Matrimony.com Introduces a Financial Platform to Provide Financing for Weddings
On 15 November, Matrimony.com, a matchmaking service provider, announced the launch of weddingloans.com, a financial technology platform with the goal of assisting with marriage-related expenses.
To provide a full lending solution, the company has worked with top financial institutions like Larsen and Toubro Finance, Tata Capital, and IDFC. According to an official statement released by Matrimony.com, this platform will do more than just provide wedding loans; it will assist clients in making the best choice possible, paying particular attention to their financial security.
Catching on the Opportunity
Since wedding costs have increased over the past ten years and extravagant weddings have become more popular due to social media, many couples are choosing to take out personal loans for their union, according to the WeddingLoans website.
For more than 20 years, marriage has served as a springboard for fulfilling unions. For millions of people looking for the right match, Matrimony is their go-to partner. According to CEO Murugavel Janakiraman, the company wants to expand its offerings with WeddingLoan.com in order to simplify the planning, budgeting, and execution of weddings.
According to the statement, these wedding loans are unsecured personal loans designed to give a couple a one-time payment and then require them to make regular installments to pay back the loan. According to Janakiraman, Matrimony.com would completely safeguard the interests of its customers thanks to its open advisory-led procedures.
Current Wedding Loan Scenario in India
A major change is occurring in the wedding industry: millennials want to finance their own special day instead of burdening their parents. Although this is a considerate gesture, it is most practical when the couple has saved money beforehand; otherwise, they will have to take out a loan. Couples are increasingly using personal loans designed especially for wedding finance to address rising expenses.

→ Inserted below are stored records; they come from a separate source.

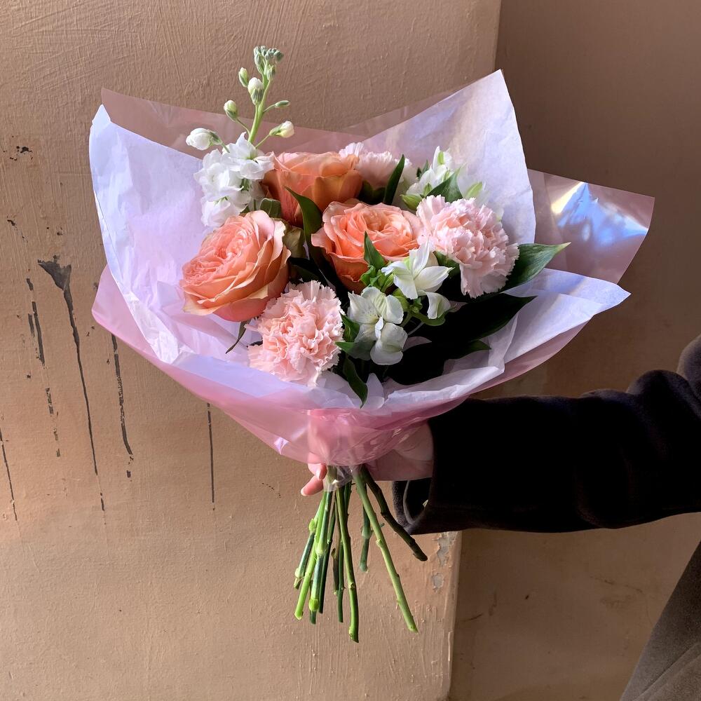 Авторский букет “Маленькая нежность”: пионовидная роза, нежная гвоздика и ароматная маттиола
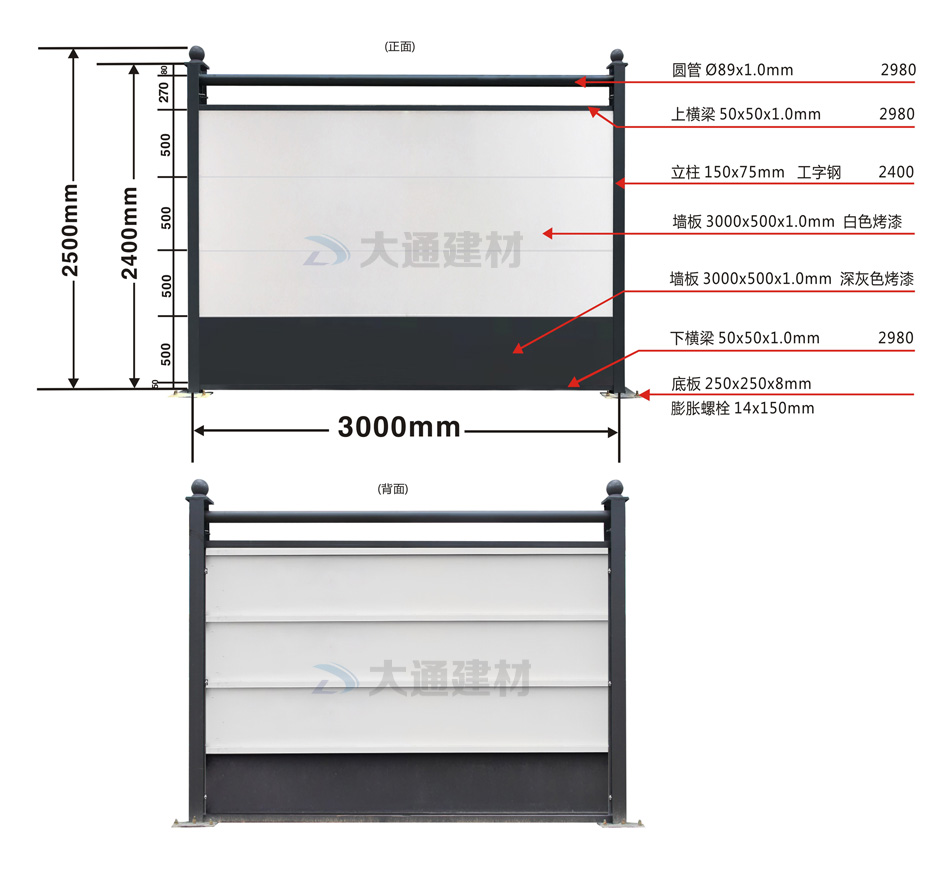 大通建材C類裝配式鋼結構圍擋烤漆款這兩款的烤漆鋼板厚度都是1.0mm,都是采用工字鋼立柱,同時每一擋圍擋的長度都是3米,但不同款式的圍擋高度卻有些不一樣喔,而C類圍擋常用款的圍擋高度通常是2.5m/2.4m,具體請參照上述展示的圍擋參數圖。
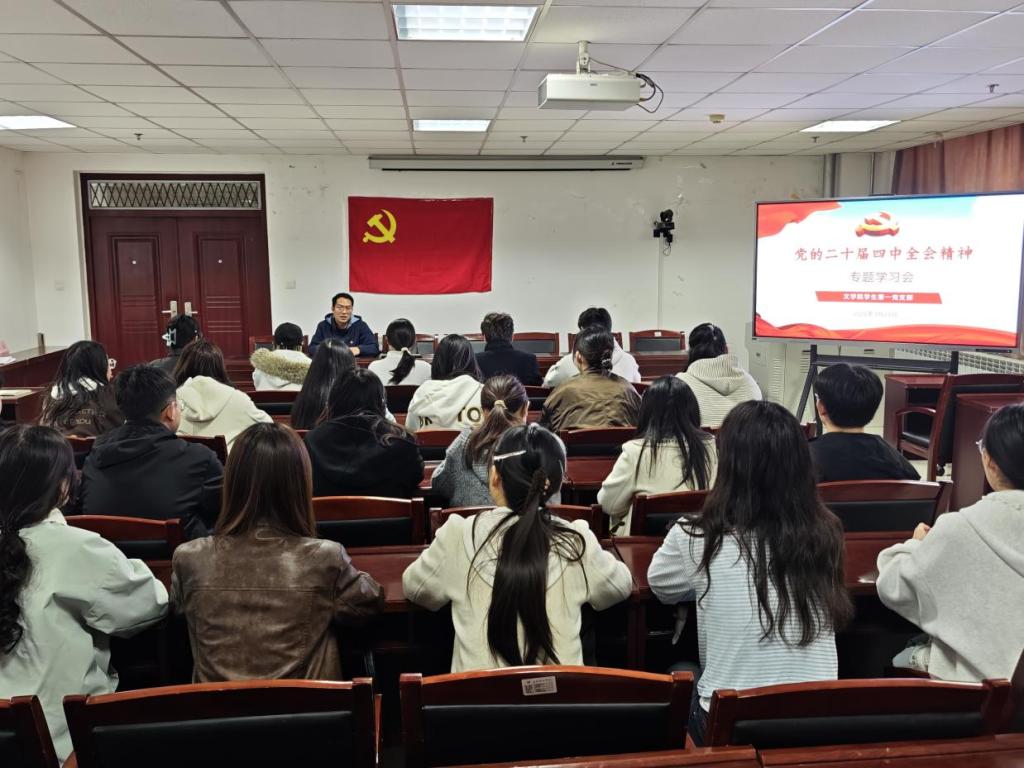 为深入学习贯彻党的二十届四中全会精神,切实把支部党员的思想和行动统一到全会部署要求上来,3月26日下午,我院学生第一党支部在文博北楼612B开展党的二十届四中全会精神专题学习会。会议由支部书记赵金龙主持,支部全体党员参加。
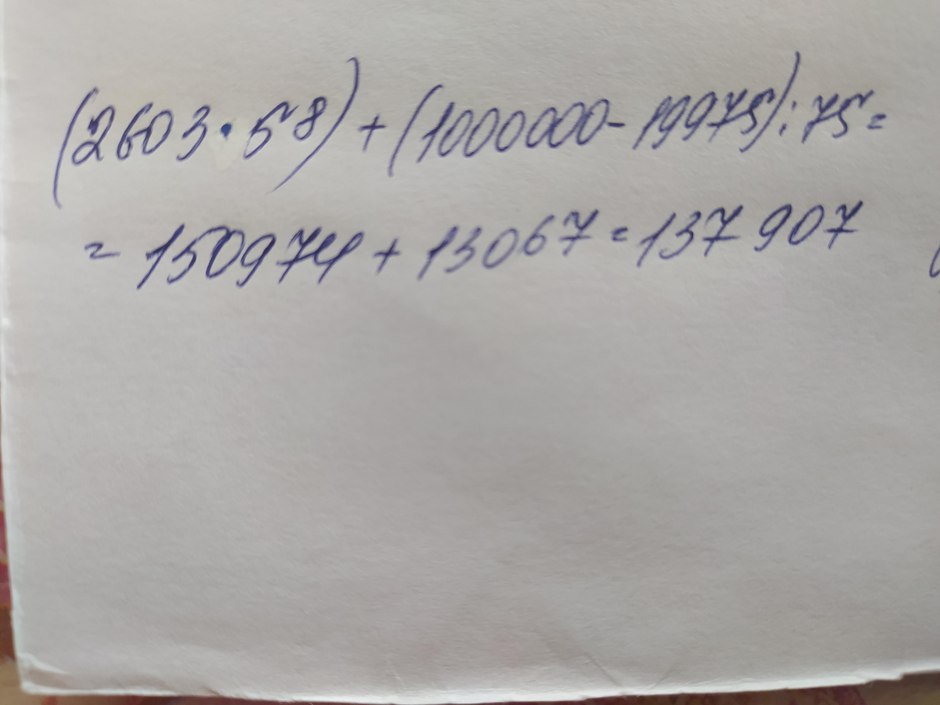 6) К произведению чисел 2 603 и 58 прибавить разность чисел 1 000 000 и 19 975, уменьшенную в 75 раз.Сомо решение

Personalisation, unique experiences, and destination or themed weddings—all of which are fueled by the demand for approval and "likes" on social media platforms like Instagram—are the main factors driving the trend towards wedding loans.
About 26% of brides and grooms who intend to pay for their own weddings think about taking out personal loans, citing the IndiaLends Wedding Spends Report 2.0. 68% of individuals who are thinking about taking out a loan intend to borrow between INR 1 lakh and INR 5 lakh. In October and November of 2023, 1,200 millennials participated in the survey.
Banks, non-banking financial companies (NBFCs), and fintech lenders all approach wedding loans as personal loans with comparable qualifying requirements. According to Gaurav Chopra, founder and CEO of fintech lender IndiaLends, customers normally require a decent credit score—ideally above 730—to qualify because it shows responsible credit behaviour. Recent bank statements and evidence of a consistent income are also required by lenders. A solid repayment history is also essential, with no late or missed payments for the previous one to three years.